-
-
Save wtbarnes/1a9acc43381a33d016843c666150e8e9 to your computer and use it in GitHub Desktop.
Sorry for not responding @kdere. I just saw this comment. For some reason GitHub didn't send me a notification or I missed it somehow...
PyTables may be a better way to go. It seems more full featured, but a bit of a steeper learning curve. I've just used h5py because I have experience with it and it is simpler. If some of the functionality I've built can be replaced or improved by PyTables, I'm all for switching over.
The increase in read speeds is one of my main motivations for doing this as well. Better to read the ASCII data once and then all subsequent reads are just from the HDF5 "database". Additionally, this means that you can easily slice into portions of a large file (e.g. some of the Fe .wgfa files) without having to load the whole thing into memory. I've found that ChiantiPy can be a bit sluggish for some of these ions with many, many transitions.
Though the format is HDF5, the format is essentially exactly the same as the ASCII database. There are groups for each element, subgroups for each ion, and then datasets for the individual files (.elvlc, .wgfa, etc.) within those subgroups.
If you have some time, play around with the package and let me know what you think (here or in an issue on the main package page).
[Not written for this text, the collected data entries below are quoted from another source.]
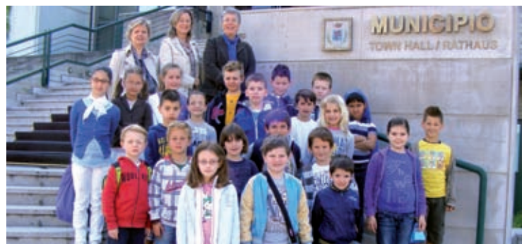
Gli alunni della Scuola Verga in visita il 6 maggio.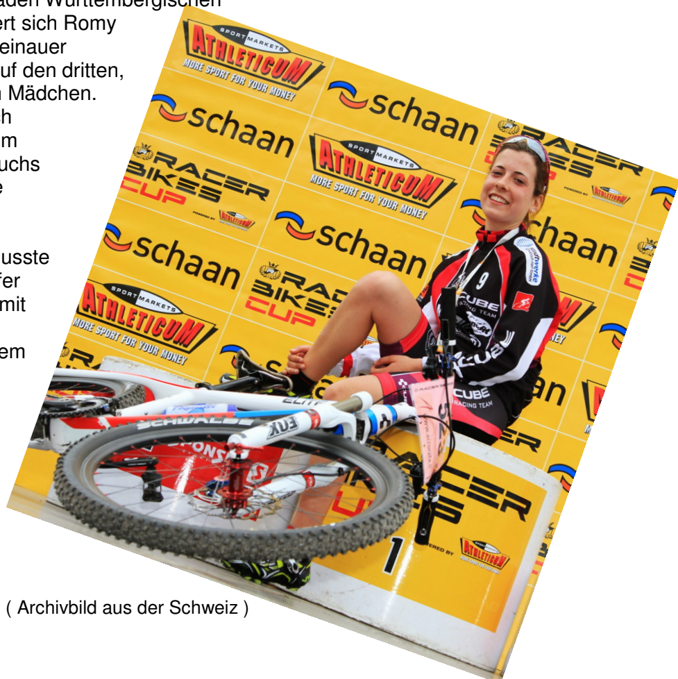
( Archivbild aus der Schweiz )

Wir drücken die Daumen und wünschen Viel Spaß.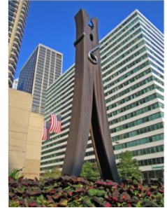
شكل 1- كلايس أولدنبورغ - مشبك الغسيل : يبلغ ارتفاعها 15 مترًا في وسط مدينة فيلادلفيا 1976 م (الولايات المتحدة الأمريكية) مقابل قاعة المدينة . (9) شكل 2- كلايس أولدنبورغ - جسر الملعقة والكرزة (1985 - 88) - الألومنيوم والفولاذ المقاوم للصدأ والطلاءحديقة مينابوليس - مينيسوتا - شيكاغو - أمريكا (10)

وكذلك تكوينه النحتي في عام 1962، حيث صادفته رؤية ملعقة ملقاة على كومة من الشوكولاتة الصناعية المزيفة واستقر المشهد في ذهنه وظهرت الملعقة في عدد من تخطيطاته ورسوماته التحضيرية لسنوات ، واستغرق أكثر من عقدين قبل أن تتحقق الفكرة - كمنحوتة ضخمة - في حديقة مينابوليس . في الثمانينيات من القرن الماضي ، عندما كلفه - مركز ووكر للفنون - بإنشاء منحوتة نافورة . وأشارت عليه زوجته " بروجن " - كشرية له في المشروع - بأن الملعقة تناسب المكان ، وكانت مساهمتها عبارة عن شكل الكرز الموضوعة على طرف الملعقة العلوي بلونها الأرجواني الداكن يميز إضافتها المرحلة إلى ممارسة أولدنبورغ الفنية للمشروع حيث أعاد تخيل منتزه رصيف نيفي بيبير في شيكاغو على أنه ملعقة عملاقة .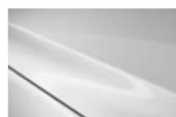
Snowflake White Pearl MC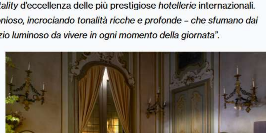
NEUTRA, Monochrome Affinity, The Lounge. Photo Leonardo Duggento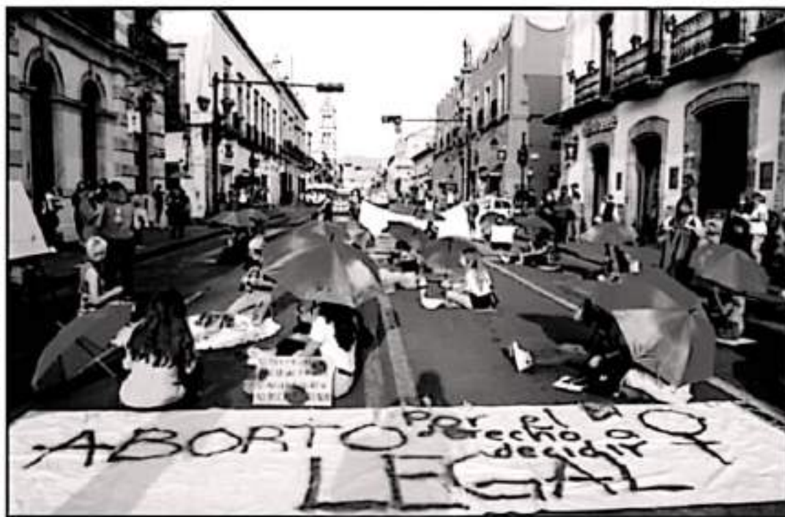
COLECTIVOS FEMINISTAS Y ACADÉMICOS REALIZARON UNA SOLICITUD AL GOBERNADOR DEL ESTADO EN CONTRA DE LA TITULAR DE LA SECRETARÍA DE EDUCACIÓN.

Dijo que el pronunciamiento no es tema que no importe, pero hay muchos otros en la SEE en los que tiene que establecer su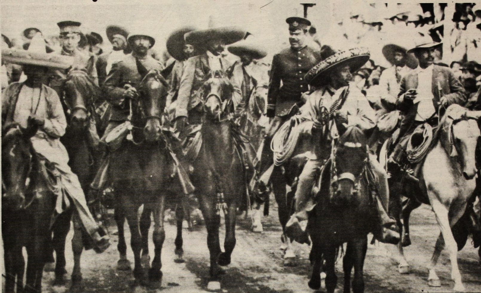
10 Δεκέμβρη 1914. Οι μαχητές του Εμιλιάνο Ζαπάτα και του Φρανθίσκο Βίγια καταλαμβάνουν την πρωτεύουσα του Μεξικό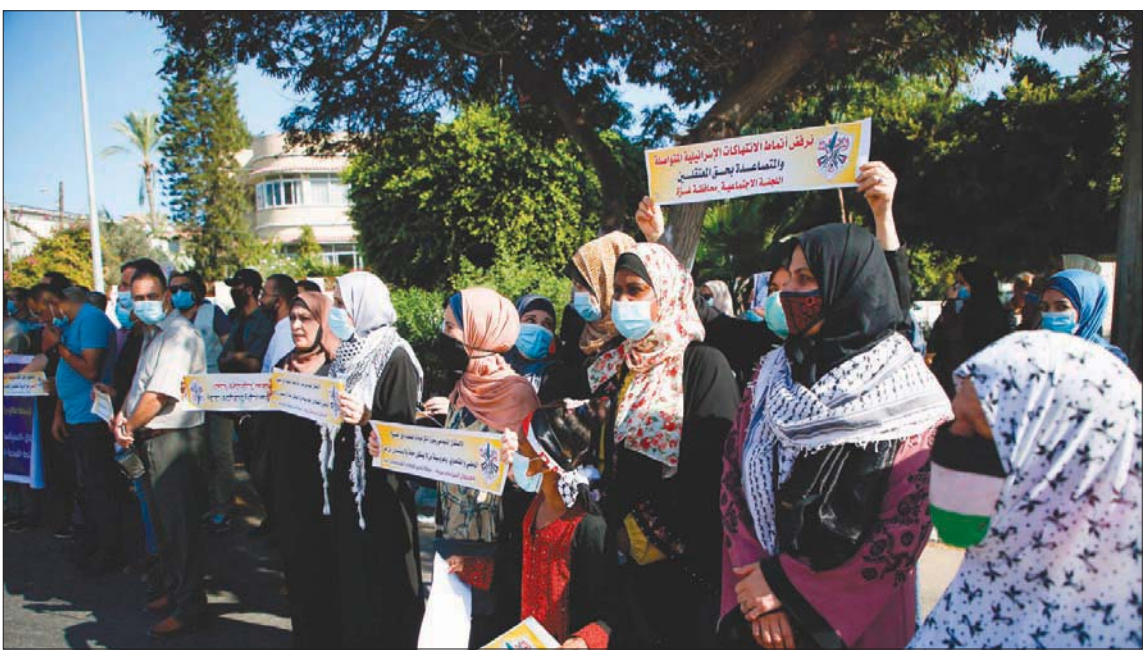
فلسطينيات تظاهرن في غزة أمس ندماً لنزوح المسجونين لدى إسرائيل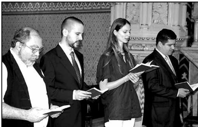
Felnőtt konfirmáció Szentháromság ünnepén

IFJÚSÁGUNK TÁBORA idén Orosházán volt július 11. és 14. között. Ezúttal térben és időben is a Szélrózsa országos evangélikus találkozóra való ráhangolódás volt a fő téma, amely július 14. és 18. között volt Szarvason „Középkedés veled” címmel. Ifjúságunk több tagja is komoly munkát végzett a szarvasi esemény lebonyolításában.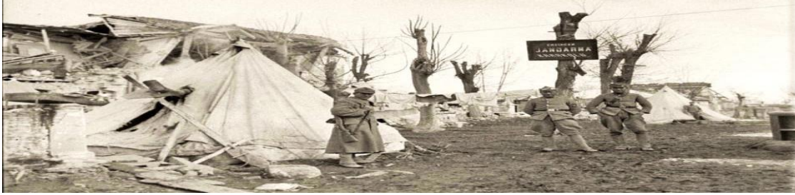
Fotoğraf 3: 1939 Erzincan Depremi Sonrası Yardım İçin Kurulan Jandarma Karakolu (1939)

I had started building HDF5 files of the CHIANTI database using Python Tables which I had some experience with. Also, because it allowed me to insert the references as a table. The main reason for doing this was to increase the speed of reading in some of the data files. It turned out that some of the biggest files, such as some .wgfa files, kept every single calculated transition, even some with an A value of 0.0, making them very large. If these were reduced by enforcing a minimum branching ratio of the A values to something like 1.e-4 or 1.e-5, a lot of the problem went away.
Also, the plan was to keep the ascii files as our basic file structure.